Wilshere was born in Essex and came to Northern Ireland in 1926 to take up the position of architect to the Belfast Education Committee. In this capacity he designed no fewer than 26 schools prior to the outbreak of World War Two, many of which were highly innovative and stylistically spanned the neo-Georgian to the ultra-modern. Indeed, Larmour suggests that they were “the first modern schools to be built anywhere in Ireland”.

Well-known examples of his work include Botanic Primary, Strandtown Primary and the McQuiston Memorial Primary, the latter now the School of Music on Donegall Pass. Wilshere was also responsible for the first school built in the city immediately after the war, at Sydenham, which was just as innovative as those that went before, utilising prefabricated aluminium units due to a shortage of building materials.

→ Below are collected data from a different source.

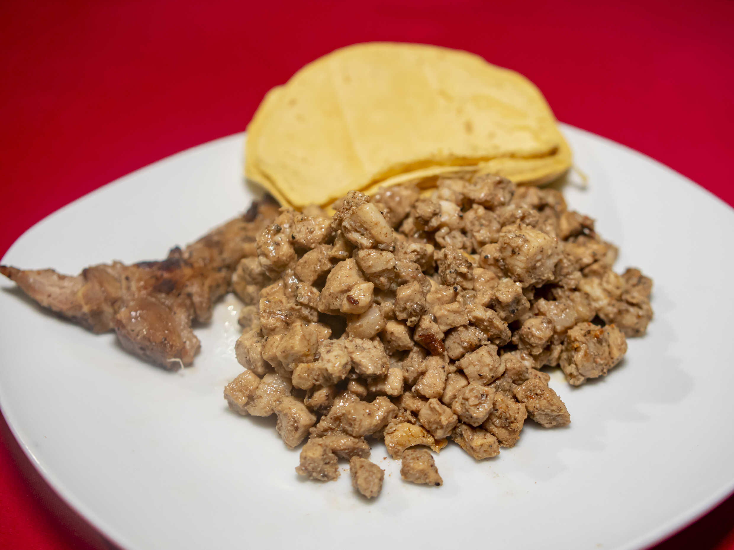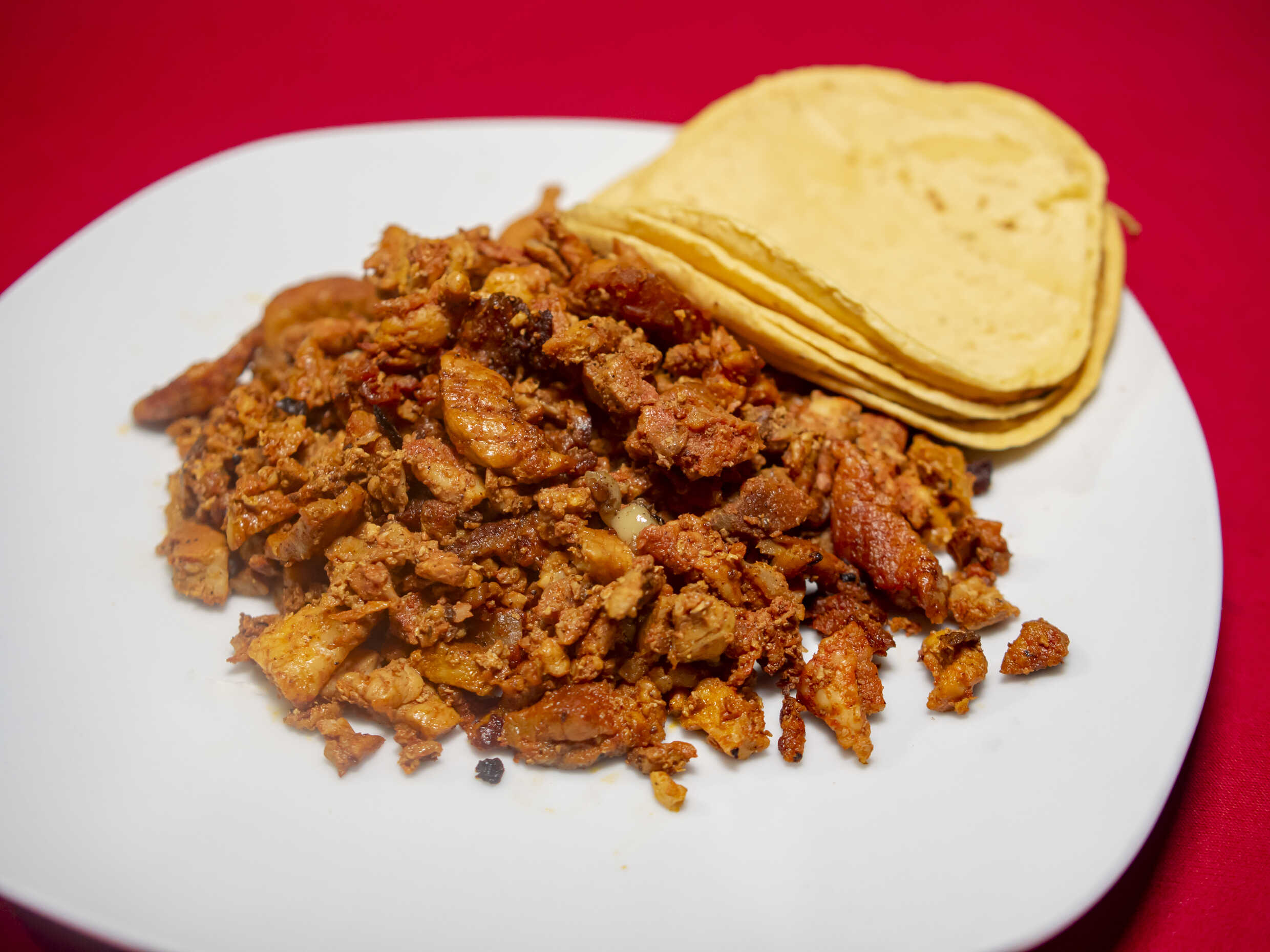 1000 gr de carne de chuleta, acompañado de salsa verde, salsa roja, salsa piñanetorepollo, 20 pzas de tortilla de maíz ( puede ser mixto harina y maíz)
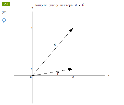 Разность векторов a-b это вектор соединяющий концы векторов b и a, т.е. идущий от конца вектора b к концу вектора а.. Его длина это 7-1=6.
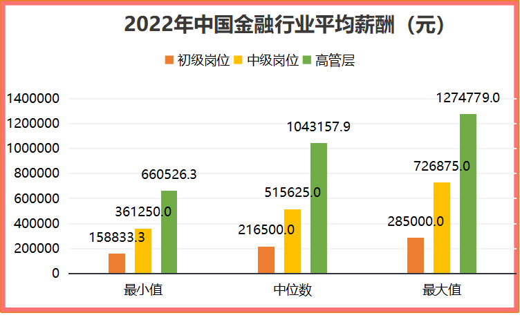 即使是最小值,金融行业初级岗位的年平均薪酬也达到了15.8万元。
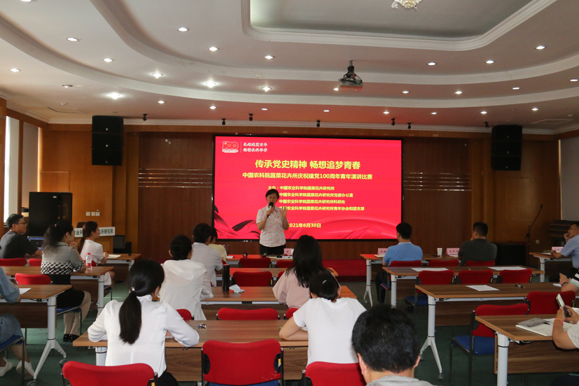 为热烈庆祝中国共产党成立100周年,全面贯彻落实习近平总书记“四个面向”、“两个一流”指示精神,展示蔬菜花卉所青年职工开展党史学习教育工作的阶段性成果,鼓励青年科技人才开拓创新,在研究所党委办公室、科研处的倾力支持下,所青协和团支部共同举办了以“传承党史精神 畅想追梦青春”为主题的青年演讲比赛。11位参赛选手满怀真挚的情感,用最优美的语言,赞颂党的百年征程,畅想追梦青春。所长张友军、党委书记周霞、副所长卢林纲出席活动。

Like many of Wilshere’s buildings, Nettlefield Primary is located in a working class area dominated by small, tight-knit terraced housing. It was designed in 1933 and consists of two-storey and single-storey blocks in rustic red brick arranged around a quadrangle. Its most striking feature is the entrance tower with lantern, which the listing record for the building states adds “an important element of architectural distinction to the area in which the school stands.”

Whilst many inner city areas have suffered from economic decline and comprehensive redevelopment, his schools at least still stand as important historic and social landmarks. Sadly, two are currently vacant, Mersey Street in east Belfast and St Comgall’s on Divis Street, both of which feature in the Built Heritage at Risk Northern Ireland Catalogue, Volume 8.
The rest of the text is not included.